I have spent over an hour Googling for an answer to this, so I'd
appreciate any insight that you can provide.


Harley


--
x0500hl
------------------------------------------------------------------------
x0500hl's Profile: http://forums.novell.com/member.php?userid=41024
View this thread: http://forums.novell.com/showthread.php?t=448991

ab
01-Dec-2011, 17:30
-----BEGIN PGP SIGNED MESSAGE-----
Hash: SHA1

I've never seen that, and in testing now I can modify files manually
while using scp to copy a huge file to the same filesystem, though
admittedly the large file copy is really using up I/O so my performance
is really slow for other operations just because the disks are being
thrashed. Is it possible that is what you are experiencing (so slow it
seems to be stopped)? While copying can you do something on the
filesystem that is really simple like the following:

date && touch $TMP/test0 && date && rm $TMP/test0 && date

Note: I am using the x86_64 builds, not zLinux, of SLES.

Good luck.
-----BEGIN PGP SIGNATURE-----
Version: GnuPG v2.0.15 (GNU/Linux)
Comment: Using GnuPG with Mozilla - http://enigmail.mozdev.org/

iQIcBAEBAgAGBQJO16u1AAoJEF+XTK08PnB5stgQAK28PvGsVE Wu9/lBn6eI/qql
gO6Eu3ZPAnott0bx1qSGMoy/pNeqDNZxL/eEdAqQAg2Qctzy9LqsTZNseFx0nKXl
f90+5h0lPvEixSw2xGRCZNX0XfUd/mcg3fad1RA36IyopgTFQ802aR0b86rDoj7T
apBkQEnL6guYmnBKeBYyOQbDqyaeOouNRdqoucv1iPJFoG6Buy WoMxhvwEgHdwJU
cll1krohRl4++dHSExNPsx9Srv0DYFG+TYu3/irrJ3Mo67dR+m821l2N0PI9YhLK
jt6Vk+p+pF5I3T3QUIR2tKY8/qbio7JByUWm8G4benX3tuoo98xsMvN1jkh58VZI
Mg84ctH9tYQWaTR+lgWOKTG4Fe+QJLXlmHWJTMuYmIVwGP4m7M xlVWG4X6U+1gTy
EPFmpMRRqIZd++fk0sKrmqm2DKgrpW+J3aQ5aKIxi/weYQwDs18Pj8hhDxxLmZHr
5sw3xI1DrF5QjSqzKxmFfQCb8WKRumTOgaReLBMtr2/DVEPPexhvoKqke1Z7S4Kt
GgC6ZAOI2WG3vei7xHEBi3uM33kZk3WlPA1akXNefb3TkTFcXA 09yDT2BR1uq9DN
tI7zHs++yPvNET01/qkzOpXrgKPiV9wmLBySw7pHlkFSlSSMmUcSqaIiOxtjDBRA
6uq6VSNZEvslXQuU9wHS
=k7+Q
-----END PGP SIGNATURE-----

amadera
01-Dec-2011, 19:16
It will not be locked bythe OS. You my remove the file on the target
side before the transfer is over. Unless the target filesystem was
mounted read only. You should be getting a form of write error message.

Look at:
/sbin/ifconfig YOUR_NIC | egrep "col|err|drop|over|fra"
RX packets:34527802 errors:0 dropped:0 overruns:0 frame:0
TX packets:34263556 errors:0 dropped:0 overruns:0 carrier:0
collisions:0 txqueuelen:1000

Check the network port and look for error.
make sure the network cable is securly plugged in.

Angel


--
amadera
------------------------------------------------------------------------
amadera's Profile: http://forums.novell.com/member.php?userid=120594
View this thread: http://forums.novell.com/showthread.php?t=448991

Jim Henderson
01-Dec-2011, 22:10
On Thu, 01 Dec 2011 16:16:02 +0000, x0500hl wrote:

> It appears that scp is locking the filesystem for the duration of the
> copy. Is this true? If so, any idea why it would lock the entire
> filesystem and not the file that is being created?
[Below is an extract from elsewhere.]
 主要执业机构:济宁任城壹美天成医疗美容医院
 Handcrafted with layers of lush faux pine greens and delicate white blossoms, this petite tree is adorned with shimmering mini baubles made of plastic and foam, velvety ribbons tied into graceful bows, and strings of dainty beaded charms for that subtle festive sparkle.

scp in and of itself doesn't do that. But heavy I/O on a system can
cause what you're experiencing, especially if the device being written to
is a slower device (say a USB 1.1 or 2.0 device).

The way to check and see if this is the case is to do:

cat /proc/loadavg

on the target system.

The values returned show overall system load, which includes processes
waiting on I/O (which is not reflected in CPU utilization because it's
not CPU activity).

If you install the sysstat package, you can use the iostat command (again
on the target system) to see what % of processing is waiting on I/O (the
value is the %iowait value).

If the device's buffers are full and flushing to disk, that can seriously
impact performance that's I/O-bound.

Jim


--
Jim Henderson, CNA6, CDE, CNI, LPIC-1, CLA10, CLP10
Novell Knowledge Partner

x0500hl
02-Dec-2011, 14:56
Thank you for the info. I will run a test in a little while and will
gather data with commands:
/sbin/ifconfig YOUR_NIC | egrep "col|err|drop|over|fra"
cat /proc/loadavg
iostat

I ran a few tests yesterday and found that the issue appears to be
related to NFS. NOte that I can tell when WAS is processing or not as I
use Introscope to monitor WebSphere activity.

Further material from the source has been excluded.